▶ RECORDS TO PROCESS:
+++
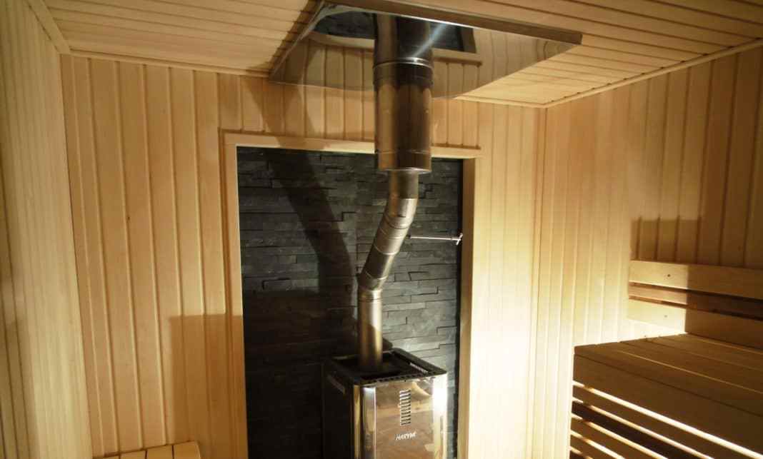 Наиболее практичное расположение печи – топка за пределами парной. В этом случае есть все условия для создания безопасной зоны вокруг нее с помощью металлического листа. Устанавливать каменку следует на кирпичное основание, а проход трубы печи бани через крышу обязательно заизолировать асбестом и другими негорючими материалами, чтобы избежать пожара.
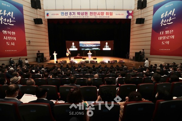 민선8기 박상돈 천안시장은 1일 오전 10시 시청 봉서홀에서 취임식을 열고 ‘시민과 함께 다시 뛰는 천안’을 향한 닻을 올렸다.
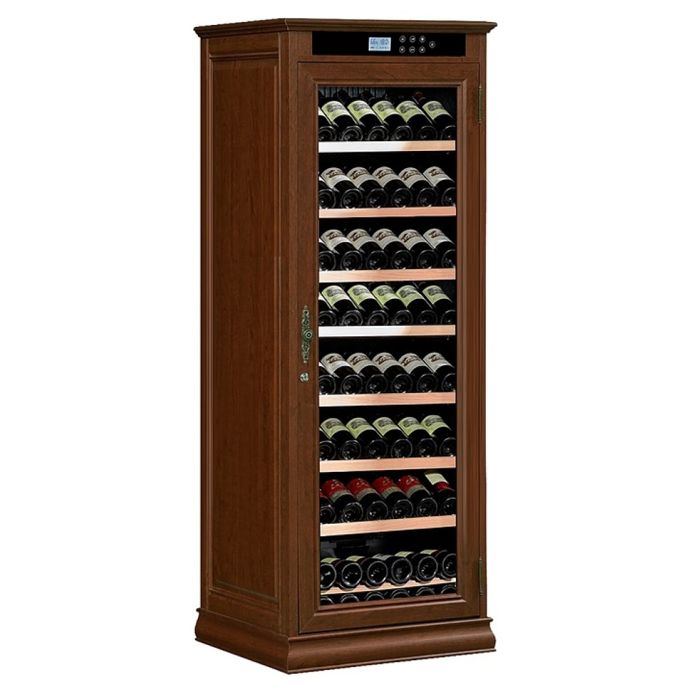 Винный шкаф MEYVEL MV102-WD1-C (Nut) серии Classic предназначен для хранения при оптимальных условиях бутилированного вина различных сортов в барах, ресторанах, специализированных магазинах, подсобных складских помещениях, гостиницах, а также домашних условиях. Модель оснащена монотемпературной холодильной камерой, распашной дверью на внешних петлях, прозрачным обзорным остеклением, кабелем питания с вилкой, внешней сенсорной панелью управления и жидкокристаллическим дисплеем индикации с подсветкой. Корпус имеет покрытие под дерево с поверхностью оттенка орех, фурнитура – из металла бронзового оттенка с патиной, полки – из массива древесины.
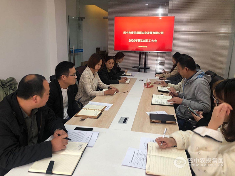 圖為2020年10月16日召開第三次職工會議2020年10月16日巴中市秦巴田園農(nóng)業(yè)發(fā)展有限公司召開了第三次職工會議,會議上為了貫徹學習農(nóng)投集團保密制度,組織全體員工學習了巴中市農(nóng)業(yè)投資集
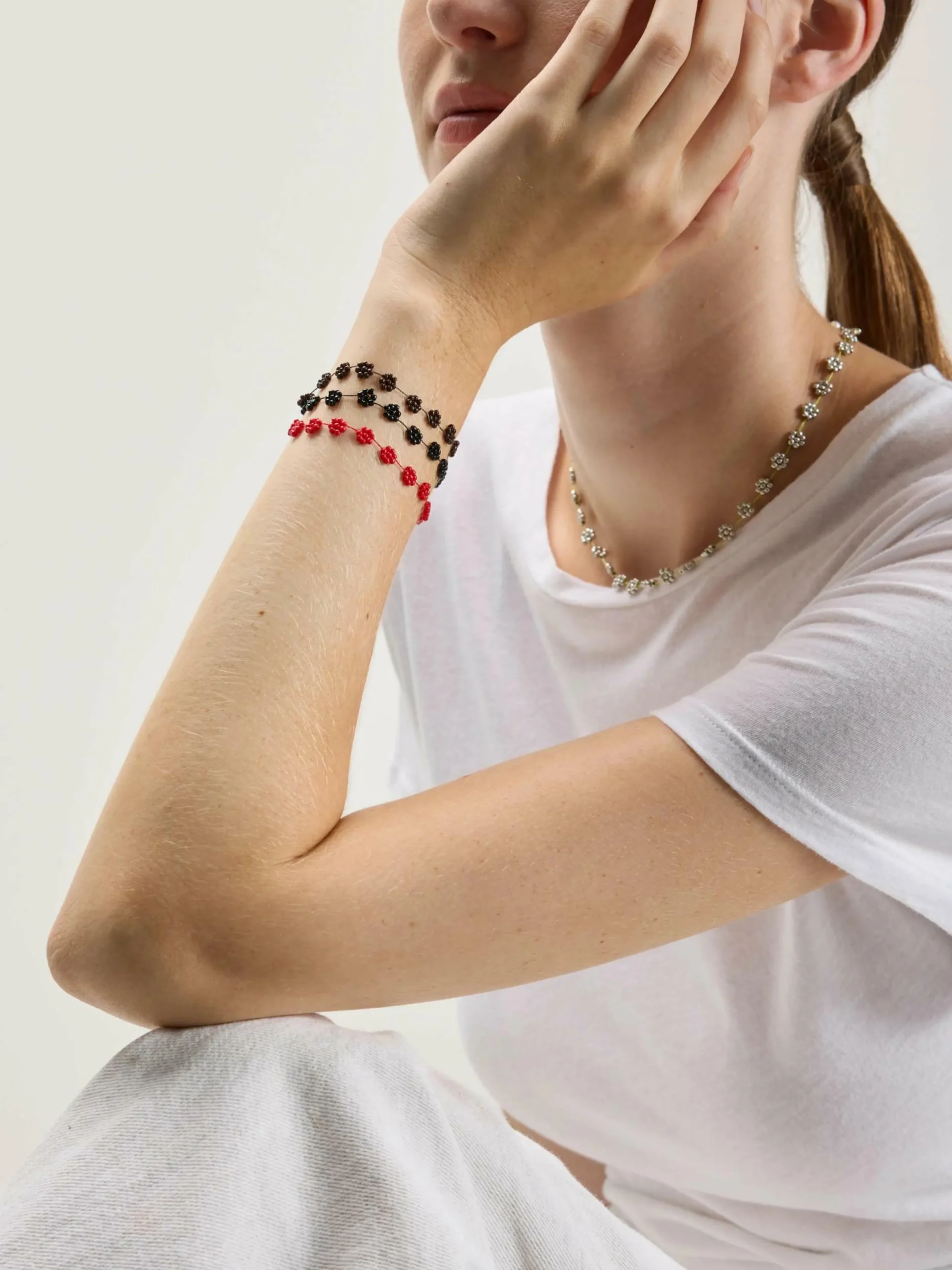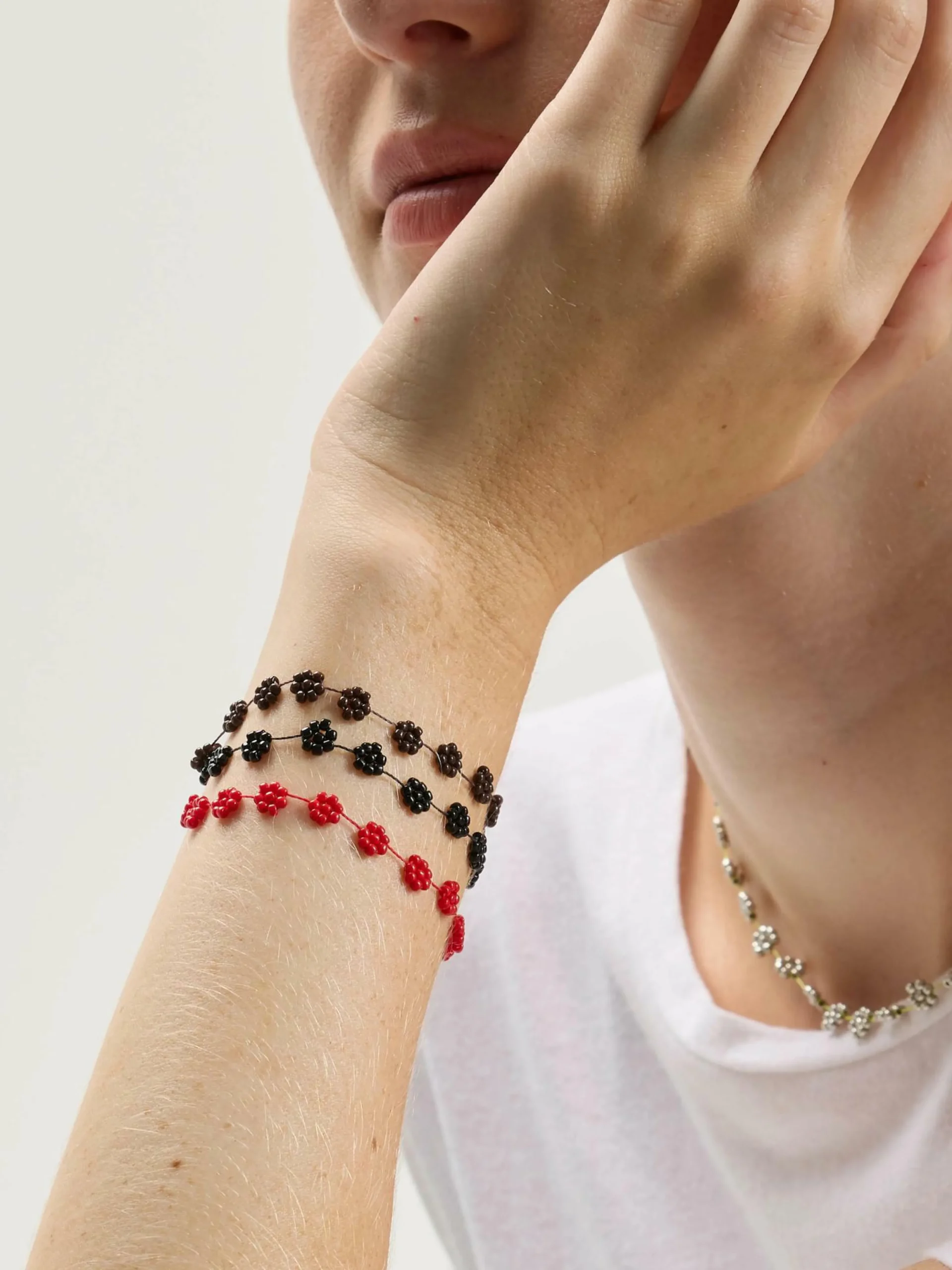 Le charmant bracelet Labro Fiori est composé de perles de verre montées sur un fil de nylon durable et doté d’un solide fermoir.
+++
▶ EXERCISE: Reproduce, word for word, the lines from the one containing "圖為2020年10月16日召" to the end of the material, both ends included. No picture is copied.

▶ WRITTEN ANSWER:
 圖為2020年10月16日召開第三次職工會議2020年10月16日巴中市秦巴田園農(nóng)業(yè)發(fā)展有限公司召開了第三次職工會議,會議上為了貫徹學習農(nóng)投集團保密制度,組織全體員工學習了巴中市農(nóng)業(yè)投資集
 Le charmant bracelet Labro Fiori est composé de perles de verre montées sur un fil de nylon durable et doté d’un solide fermoir.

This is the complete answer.